Panel Weighs Bisphenol A Report
Advisory Panel Mostly Agrees With Government's Draft Brief, but Recommends Key Changes
WebMD News Archive
June 11, 2008 -- A panel of scientists today approved most of a government draft report on the safety of bisphenol A -- with a few key changes.
Bisphenol A is a chemical found in polycarbonate plastics (including some baby bottles and water bottles) and in epoxy resins, which line metal products including canned foods.
In April, the National Toxicological Program (NTP) released its draft report, which noted "some" concern about bisphenol A's possible effects on the prostate gland, mammary glands, and early age for puberty in females. An earlier NTP expert panel report had voiced less concern about those possible risks.
Today, independent scientists on an NTP advisory board weighed in. They affirmed the NTP draft report's conclusions with two exceptions: They recommend changing "some concern" to "minimal concern" for bisphenol A's effects on the mammary glands and early puberty.
Here is the full list of the board's conclusions:
- "Some concern" for neural and behavioral effects in fetuses, infants, and children at current human exposures.
- "Some concern" for effects in the prostate gland.
- "Minimal concern" for effects on the mammary glands.
- "Minimal concern" for effects on earlier age for female puberty.
- "Negligible concern" that exposure of pregnant women to bisphenol A will result in fetal or neonatal mortality, birth defects, or reduced birth weight and growth in their offspring.
- "Negligible concern" for reproductive effects in adults who don't work with BPA.
- "Minimal concern" for reproductive effects in adults who work with BPA.
The NTP will consider those recommendations -- but isn't required to follow them -- as it writes its final report, which is expected later this summer.

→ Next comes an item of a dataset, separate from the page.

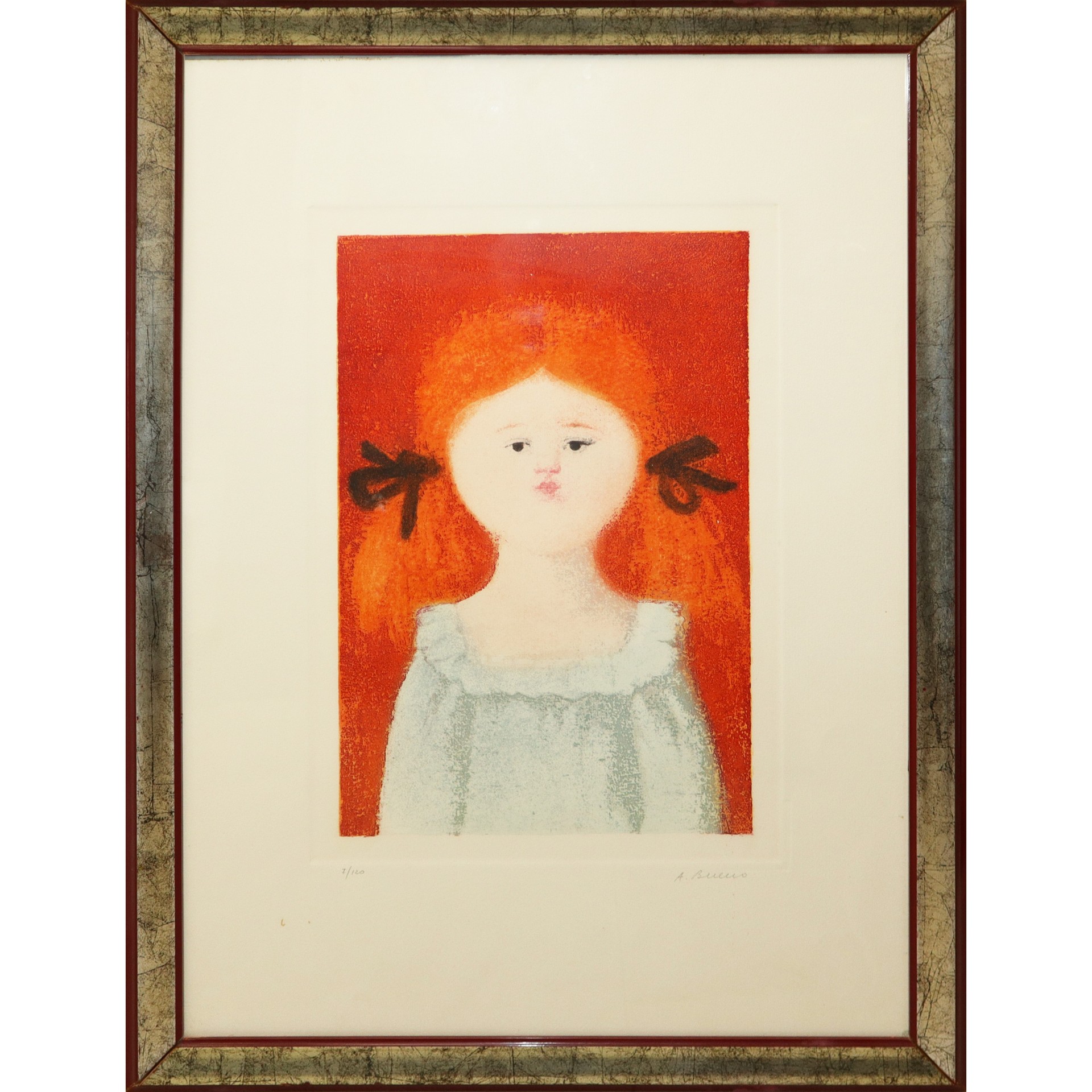 Antonio Bueno (berlino 1918-Firenze 1984) - Bambina con i capelli rossi H cm 46x31 - in cornice H cm 77x57 litografia Esemplare 7/120. Firmato in basso a destra.

Board's Chairwoman Comments
Gail McCarver, MD, chaired the NTP advisory board. She's also the co-director of the pediatrics department at the Medical College of Wisconsin and on staff at Children's Hospital of Wisconsin.
"We had a very balanced process that was very transparent, very open," says McCarver. "I think we did quite a good job."

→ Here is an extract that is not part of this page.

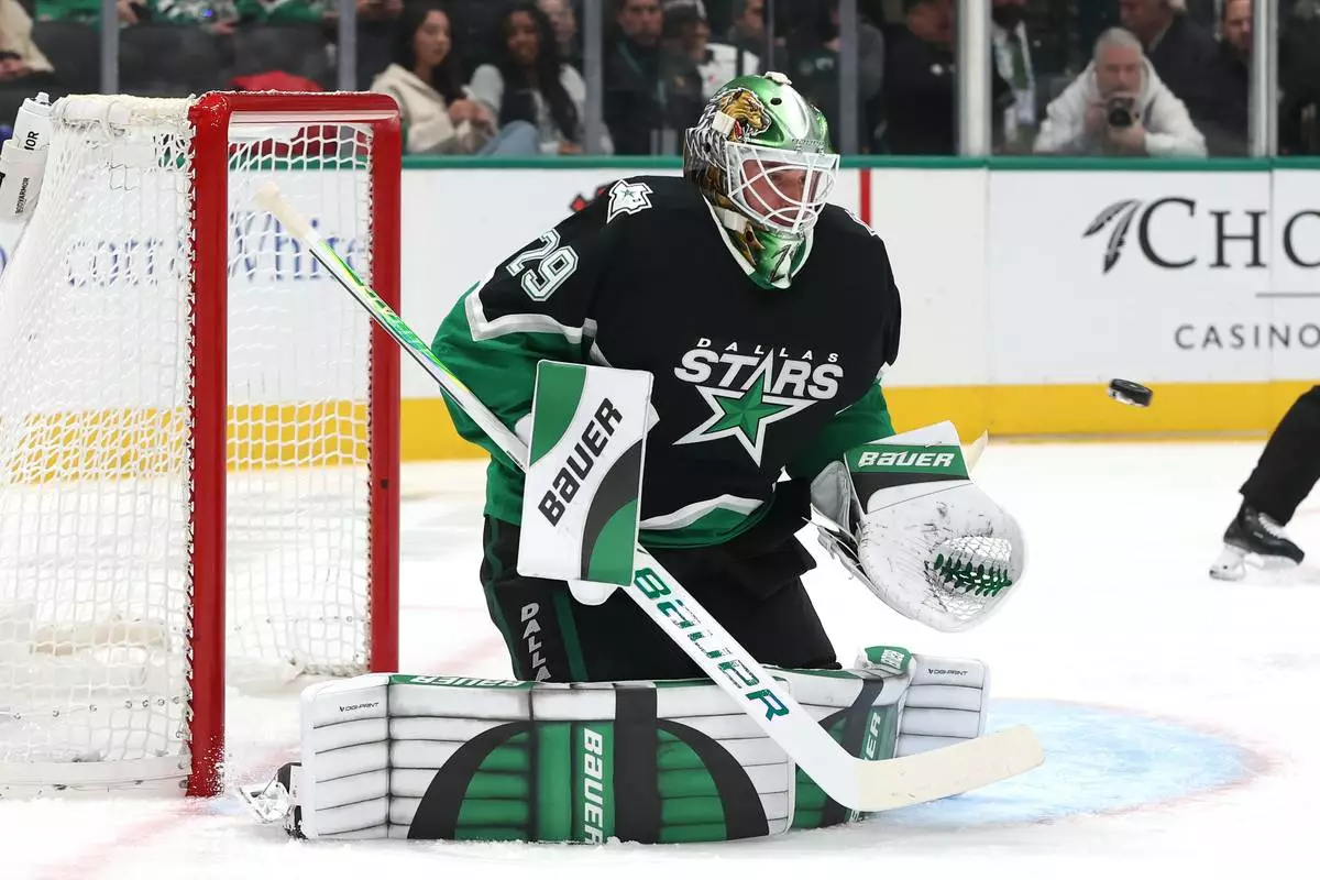 Dallas Stars goaltender Jake Oettinger blocks a shot during the second period of an NHL hockey game against the Pittsburgh Penguins, Sunday, Dec. 7, 2025, in Dallas. (AP Photo/Sam Hodde)

McCarver says she doesn't think the board downgraded the level of concern on bisphenol A's possible effects on mammary glands and earlier puberty in females.
"I don't know that it was a downgrading. I think it's just a difference in the choice of language," says McCarver, noting that the board chose language more in line with the earlier expert panel report because the evidence available was less strong on mammary and female puberty effects than on prostate effects.
"It's important that you don't think of 'minimal' as meaning 'none,'" she says. "There are a lot of factors that go into that consideration."
Asked what she would tell people with concerns about bisphenol A, McCarver says she thinks there are "reasons for concern, but there's also a lot of uncertainty in terms of the level of concern."